The PowerPoint document sets out plans to establish a group called the European Sound Climate Policy Coalition. It says: "In the US an informal coalition has helped successfully to avert adoption of a Kyoto-style program. This model should be emulated, as appropriate, to guide similar efforts in Europe."
During the 1990s US oil companies and other corporations funded a group called the Global Climate Coalition, which emphasised uncertainties in climate science and disputed the need to take action. It was disbanded when President Bush pulled the US out of the Kyoto process. Its website now says: "The industry voice on climate change has served its purpose by contributing to a new national approach to global warming."
In January Sir Robert May, the former government chief scientist who stepped down as president of the Royal Society last week, warned in the Guardian that US lobby groups with links to the oil industry were turning their attention to the other side of the Atlantic. He wrote that a "lobby of professional sceptics who opposed action to tackle climate change" were targeting Britain because of its high profile in the debate.
Countries signed up to the Kyoto process have legal commitments to reduce greenhouse gas emissions. Oil and energy companies would be affected by these cuts because burning their products produce most emissions.
The PowerPoint document written by Mr Horner appears to be aimed at getting RWE, the German utility company, to join a European coalition of companies to act against Kyoto.

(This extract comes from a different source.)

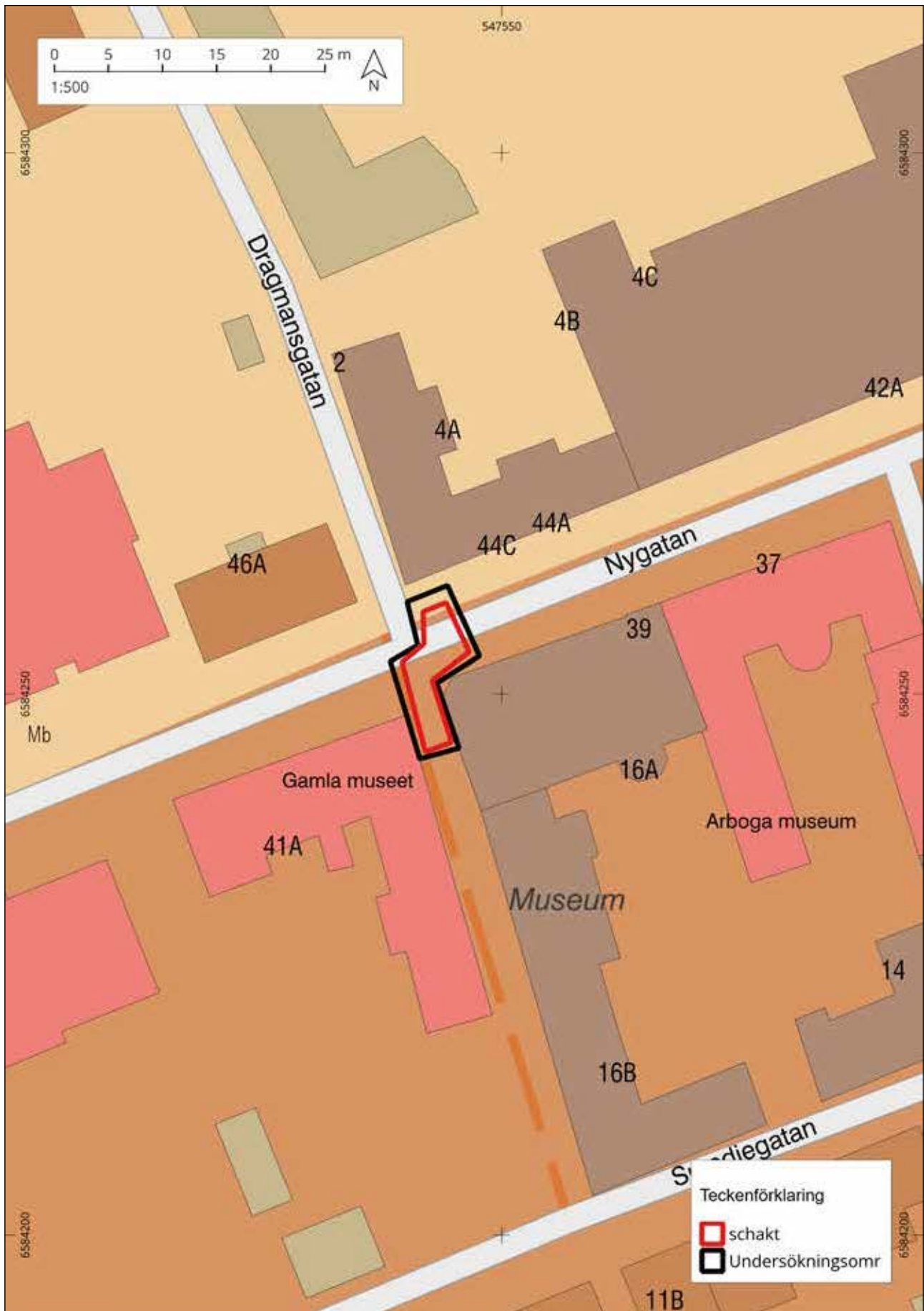
Figur 3. Schaktplan Nygatan-Dragmansgatan. Skala 1:500.

The document says: "The current political realities in Brussels open a window of opportunity to challenge the course of the EU's post-2012 agenda." It adds: "Brussels must openly acknowledge and address them willingly or through third party pressure."

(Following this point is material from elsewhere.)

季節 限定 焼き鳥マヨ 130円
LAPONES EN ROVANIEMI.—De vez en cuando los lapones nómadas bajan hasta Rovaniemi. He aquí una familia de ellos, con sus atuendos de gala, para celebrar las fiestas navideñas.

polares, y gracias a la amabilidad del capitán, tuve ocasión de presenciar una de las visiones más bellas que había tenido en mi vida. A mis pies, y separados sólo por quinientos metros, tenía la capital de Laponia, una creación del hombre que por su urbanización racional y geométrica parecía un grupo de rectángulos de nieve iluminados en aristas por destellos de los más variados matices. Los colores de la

It says industry associations are the "wrong way to do this" but suggests that a cross-industry coalition, of up to six companies each paying €10,000 (£6,700), could "counter the commission's Kyoto agenda". Such a coalition could help steer debate, it says, by targeting journalists and bloggers, as well as attending environmental group events to "share information on opposing viewpoints and tactics".

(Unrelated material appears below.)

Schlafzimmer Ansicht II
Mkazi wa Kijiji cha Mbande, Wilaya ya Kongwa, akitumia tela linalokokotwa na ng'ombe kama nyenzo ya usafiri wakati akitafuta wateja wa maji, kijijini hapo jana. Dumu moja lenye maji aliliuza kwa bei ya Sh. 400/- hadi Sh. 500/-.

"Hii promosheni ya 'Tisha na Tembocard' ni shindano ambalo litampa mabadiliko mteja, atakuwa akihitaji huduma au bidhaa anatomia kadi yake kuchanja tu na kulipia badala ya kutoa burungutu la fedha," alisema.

RWE says it met Mr Horner earlier this year but that they have not taken the idea forward.
In the email, dated January 28 this year, Mr Horner describes Europe as an "opportunity". He says it "would be like Neil Armstrong, it's a developing untapped frontier". He adds: "US companies need someone they can trust, and it's just a den of thieves over there."